Chg. – This shows the change in the share price since the previous trading day.
52 Week High/Low – This column shows the highest price the share has traded at, and the lowest price it has traded at in the current year.
P/E – This commonly used ratio is calculated by dividing the current share price by the company’s earnings per share (see below note) in the most recent trading year. For example, if earnings (profits) per share are 25p and the share price is 400p, the P/E ratio is 16 (400/25).
Earnings per share (EPS) is a commonly used phrase in the financial world. Earnings per share represents a portion of a company’s profit that is allocated to one ordinary share. Therefore, if you were to multiply the EPS by the total number of ordinary shares a company has issued, you would calculate the company’s net profit.
Vol. – The volume of shares traded on the FTSE the previous day in £000s.
M. Cap. – The market capitalisation is calculated by multiplying the number of shares in issue by the share price. This column shows the sum figure in £ millions.
Div. – The amount (in pence) of the most recent dividend paid to Ordinary Shareholders.
There are two types of shareholders:
Preference Shareholders are paid a fixed dividend. However, they do not have rights on voting in AGM (Annual General Meeting). So as their name implies the preference shareholders fixed dividend takes preference over the payment of a dividend to the ordinary shareholders.
Ordinary shareholders are paid their dividend after the company has paid the preference share dividend. The shareholders of ordinary shares have the right to vote in AGMs.
Div. Cov. – The earnings per share divided by the dividend per ordinary share. So, if the earnings per share were 24p and the dividend per share was 8p,the dividend cover is 3. This tells you how many times over the amount being paid out as a dividend is covered by profits.

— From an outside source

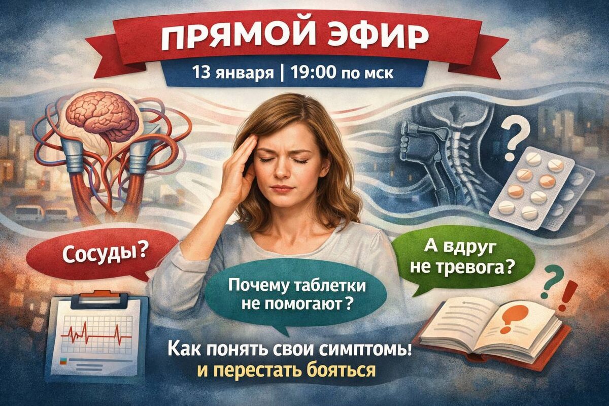 … А вдруг это не тревога? Может, сосуды? Шея? Почему кому-то назначают таблетки, а мне — нет?..» Если ты: — читаешь чужие истории и примеряешь их на себя — сомневаешься в диагнозе — ищешь «ту самую причину» своих симптомов — не понимаешь, почему врачи говорят про тревогу, а тело продолжает пугать ➡️ этот эфир для тебя. Я всё чаще вижу, как медицинские обследования, чужие советы и “помогающие таблетки” не успокаивают, а наоборот — усиливают тревогу и запускают бесконечные сомнения. ❗️И проблема не в тебе и не в том, что «что-то упустили». 🔴 ПРЯМОЙ ЭФИР 13 января | 19:00 по мск На эфире разберём: — почему лекарства «от головокружения» часто не работают при шаткости — почему кому-то «помогло», а тебе — нет — почему врачи не назначают такие препараты (и это хороший знак) — как отличить тревожную шаткость от реальной неврологии — почему поиск «причины» удерживает симптомы годами — что на самом деле нужно нервной системе, чтобы симптомы начали ослабевать Без запугивания. Без

Yield – This shows the percentage return on the share. It is calculated by dividing the dividend by the current share price. So if a share is trading at 200p and its annual gross dividend is 15p, the dividend yield is (15/200 x 100) = 7.5%. The higher the dividend yield, the more income each Shareholder receives.
So, data quoted could look as follows:
FTSE 100 Index:
We often hear about this on the News etc but what exactly is it?
The FTSE 100 Index, also called FTSE 100, FTSE, or, informally, the “footsie” is a share index of the 100 companies (sometimes called ‘Blue Chip companies) listed on the London Stock Exchange with the highest market capitalization. It is one of the most widely used stock indices and is seen as a gauge of business prosperity. The index is maintained by the FTSE Group, a subsidiary of the London Stock Exange Group.
The index began on 3 January 1984 at the base level of 1000. The highest value reached to date is 6950.6, on 30 December 1999. After falling during the financial crisis of 2007-2010 to below 3500 in March 2009, the index recovered to a peak of 6091.33 on 8 February 2011.
It currently stands at around 6,620.
I hope IAB readers have found this informative.